We will be using Sihouette Score to evaluate the model. This can be done in one line of code by using `silhouette_score` function from `sklearn.metrics`. 

In [None]:
# Calculate the Silhouette Score
from sklearn.metrics import silhouette_score 
silhouette_score(X_scaled, ac3.labels_)

This is a good starting point. In the below section, we will try a range of n_clusters values (i.e. the numer of clusters) and find the best model with the highest silhouette score. 

### 5. Improve the Model

In [None]:
# We would like to evaluate the Silhouette Scores for different K, i.e. n_clusters (ranging from 2 to 11)
k_range = range(2,11)
silhouette_scores =[]

for i in k_range:
    ac_i = AgglomerativeClustering(n_clusters = i,linkage='ward')
    silhouette_scores.append(silhouette_score(X_scaled, ac_i.fit_predict(X_scaled)))


In [None]:
silhouette_scores

In [None]:
# Plotting Silhouette Scores using a bar graph to compare the results 
plt.bar(k_range, silhouette_scores) 
plt.xlabel('Number of clusters', fontsize = 20) 
plt.ylabel('Silouette Score', fontsize = 20)
plt.axis([1, 11, 0.3, 0.55])
plt.show() 

From the above, we can see `n_clusters = 5` (i.e. Five Clusters) is having the highest Silhouette Score.

In [None]:
# Building the final model with n_clusters = 5
ac5 = AgglomerativeClustering(n_clusters = 5)
ac5

In [None]:
ac5.fit_predict(X_scaled)

In [None]:
# scatter plot
plt.figure(figsize =(6, 6)) 
plt.scatter(X_scaled[:,0], X_scaled[:,1], 
            c = ac5.fit_predict(X_scaled), cmap ='rainbow')
plt.xlabel('age_scaled')
plt.ylabel('balance_scaled')
plt.show() 

In [None]:
silhouette_score(X_scaled, ac5.fit_predict(X_scaled))
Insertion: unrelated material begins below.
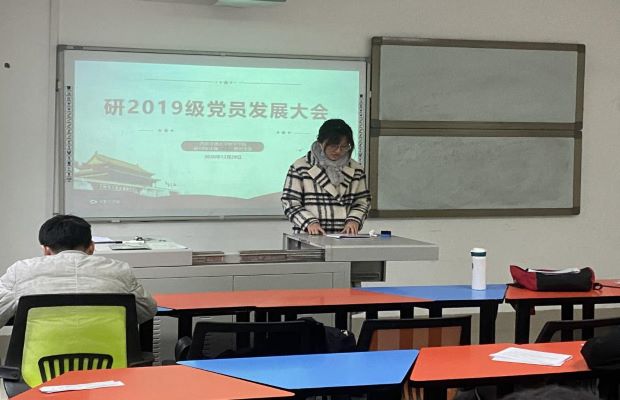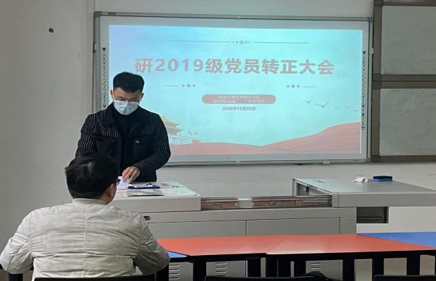 2020年12月28日下午4:00,研19级环境二班党支部在X4132教室召开支部党员大会,讨论关于接受罗景城同志按期转为中共正式党员以及关于接受李欢、董贵明、郑鑫、李红菲同志为预备党员的相关事项。支部共有正式党员4名,预备党员1名,到会正式党员4名,应到会有表决权的正式党员超过半数,会议有效。支部党员大会由支部书记陈俊文同志主持。

By increasing the number of clusters from Three to Five, We manage to improve the silhouette score from 0.38 to 0.40. Moreover, from the above graph we can easily identify two outlier clusters: 
* customers with super high balance <font color='green'>(Green)</font> 
* super senior customers <font color=FFAE33>(Yellow)</font> 

This will help us to understand and prepare the data.